Records for this task:
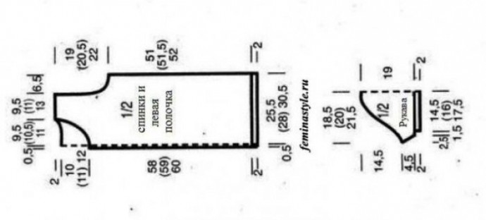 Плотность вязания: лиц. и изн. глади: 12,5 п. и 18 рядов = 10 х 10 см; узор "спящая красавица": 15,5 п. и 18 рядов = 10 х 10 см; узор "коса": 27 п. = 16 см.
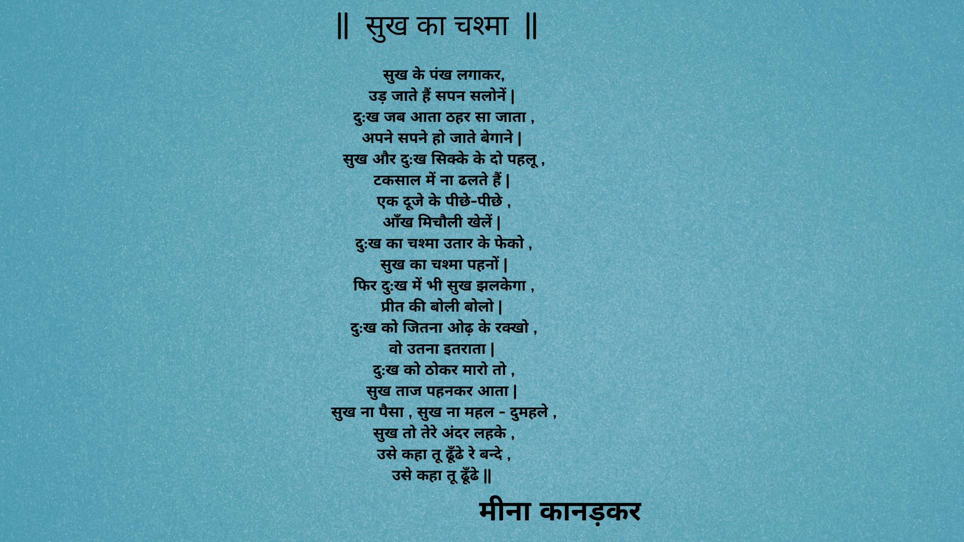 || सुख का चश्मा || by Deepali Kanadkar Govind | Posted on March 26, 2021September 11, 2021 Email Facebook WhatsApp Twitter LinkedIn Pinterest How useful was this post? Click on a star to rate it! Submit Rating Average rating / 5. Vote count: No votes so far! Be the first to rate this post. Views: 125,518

...

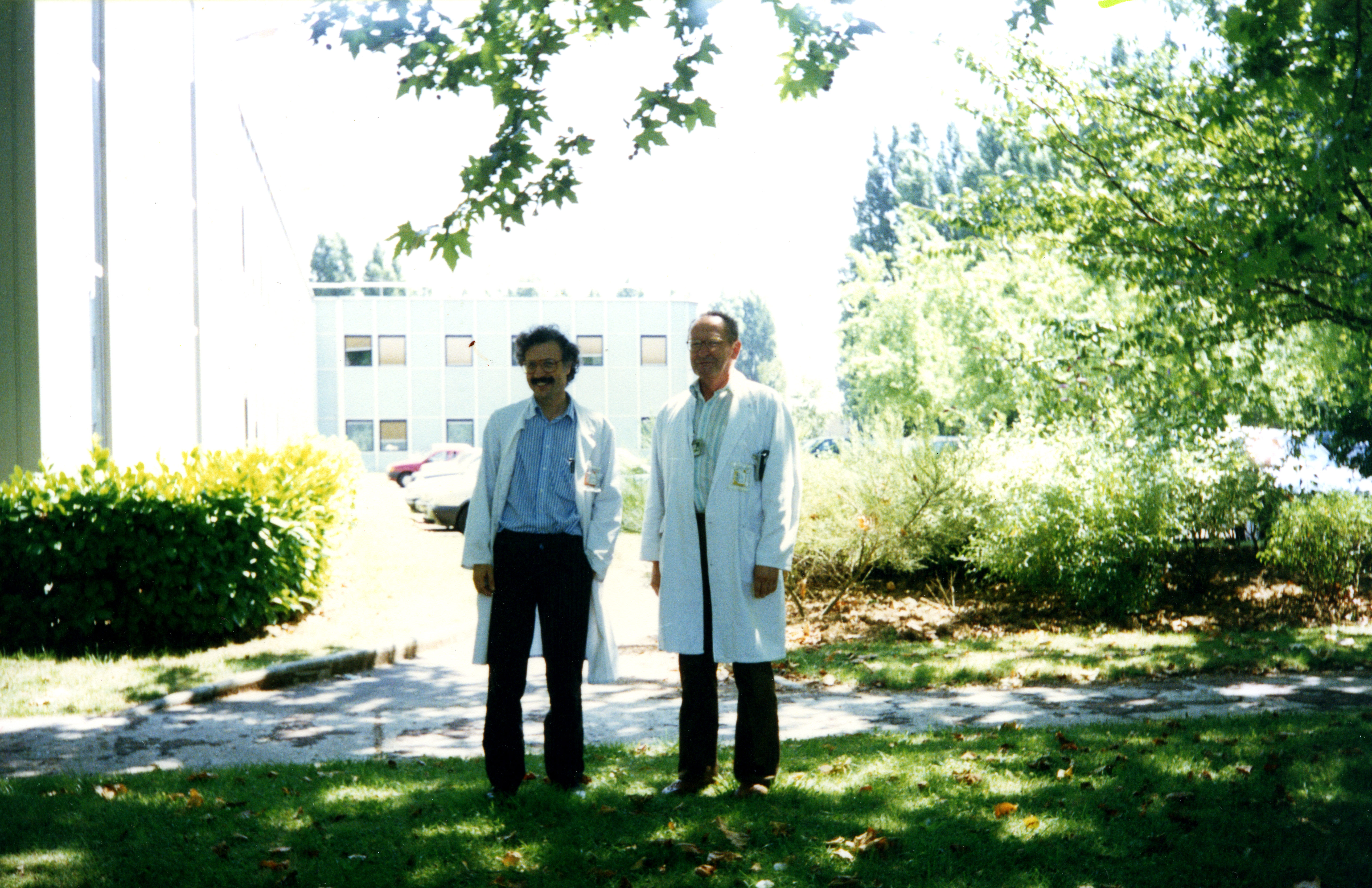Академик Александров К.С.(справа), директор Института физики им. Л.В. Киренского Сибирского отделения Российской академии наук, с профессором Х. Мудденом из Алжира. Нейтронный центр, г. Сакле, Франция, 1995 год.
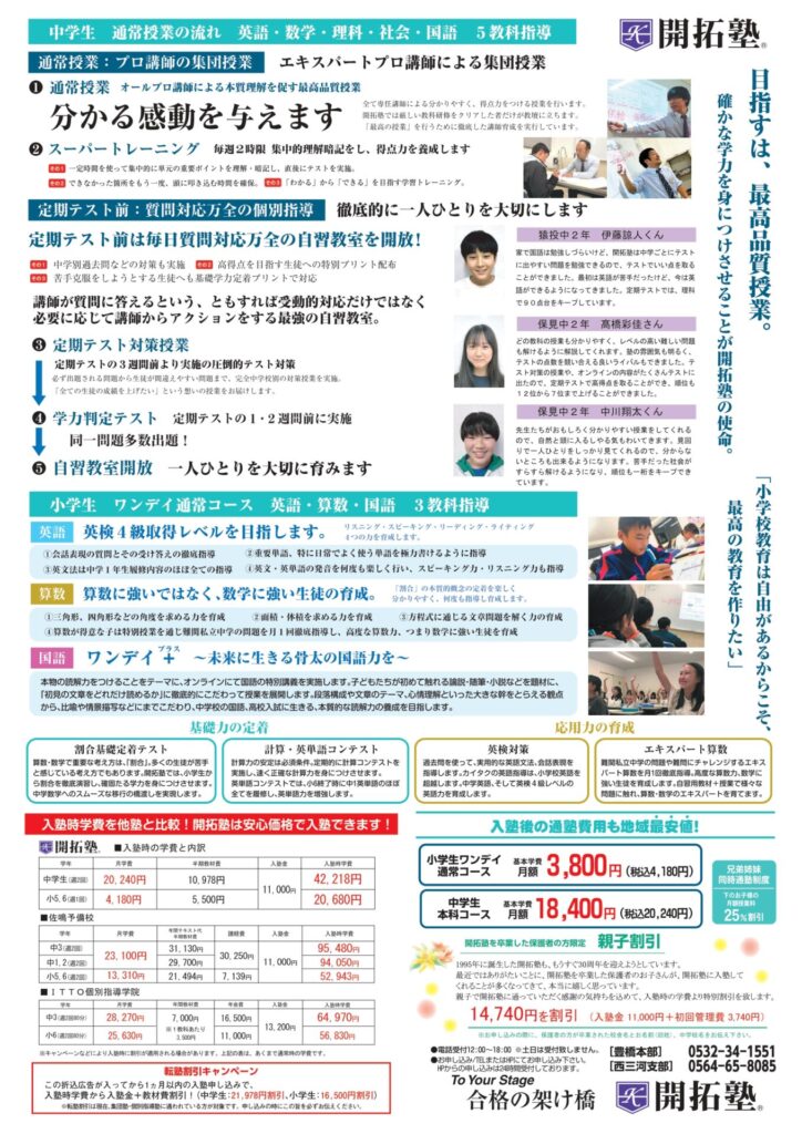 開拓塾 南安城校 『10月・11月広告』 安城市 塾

Work to be completed: Everything above from the line with "Плотность вязания: лиц." through the line with "post. Views: 125,518" should be retyped exactly, and nothing else; omit pictures.

Result of the exercise:
 Плотность вязания: лиц. и изн. глади: 12,5 п. и 18 рядов = 10 х 10 см; узор "спящая красавица": 15,5 п. и 18 рядов = 10 х 10 см; узор "коса": 27 п. = 16 см.
 || सुख का चश्मा || by Deepali Kanadkar Govind | Posted on March 26, 2021September 11, 2021 Email Facebook WhatsApp Twitter LinkedIn Pinterest How useful was this post? Click on a star to rate it! Submit Rating Average rating / 5. Vote count: No votes so far! Be the first to rate this post. Views: 125,518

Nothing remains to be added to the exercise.